Post by StevePulaski on May 5, 2011 18:22:48 GMT -5
Ellen Page and Rainn Wilson in Super.
Rating: ★★½
Super has a cute premise and two very charming leads, but it still doesn't make itself out to be as funny as it does. The movie thinks it is being clever and hilarious, when the humor and the "hit in the face" gags don't go very far. Wilson and Page have respectable chemistry and the overall plot is fair, but the film is almost too dark for a comedy.
Dark comedies are those strange little genre pieces that have elements of humor mixed with elements of death or something serious. One of my earliest reviews was a review of World's Greatest Dad, a film that was marketed as a dark comedy, when it is actually a very deep drama film only with tiny elements of humor through the sadness. That is what Super is. It really isn't a comedy, it's about a depressed fry cook who was recently dumped by his wife for a strip club owner and now "gets back at the world" by dressing up as a superhero who goes around hitting people upside the face with a wrench.

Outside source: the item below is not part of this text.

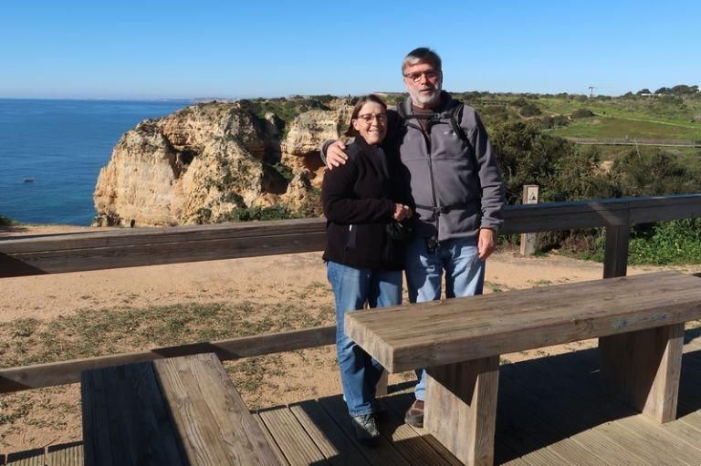 Nous partons en direction de l'est sur des petites routes pas toujours évidentes mais arrivons finalement au Ponta de Piedade qui va s'avérer particulièrement joli, nous aimons beaucoup ces paysages de rochers qui plongent dans l'eau. Nous allons marcher plus d'une heure trente sur le haut des falaises et rentrerons pour le déjeuner. Il fait faim car il est 13h30 et 14h30 en France.

As you can expect, we are already working with a very strange premise. But that isn't our main concern. Parts of Super are strange and unnecessary. There is one scene where Page's character (at the time she is Wilson's sidekick) begs to have sex with him for no reason other than because they're a team. Obviously, he refuses, but the film thinks it needs one and has it. Complete waste of three minutes and utterly awkward.
Then there are some little perks that make up for some problems. The music was good, Kevin Bacon, Liv Tyler, and Ellen Page all do a fine job, it's just the overall idea of an unstable man going out and bashing peoples' face in with a wrench that leaves me uneasy. It's juvenile.
Think about it. This man, who is on the verge of a depression, is going around bashing people's heads in and almost killing them because they committed a simple piss-off in public. There's fine line between the crime of rape and the crime of "cutting in line." But, regardless, Frank just tells them both to "shut up."
This is a mixed bag indeed, its quirky, dark humor isn't as funny or creative as it markets it to be. And the fact that they are making humor out of a guy's wife who is now run by strip club owners who are getting her addicted to drugs is low grade and scummy. Super isn't quite.
Starring: Rainn Wilson, Ellen Page, Liv Tyler, and Kevin Bacon. Directed by: James Gunn.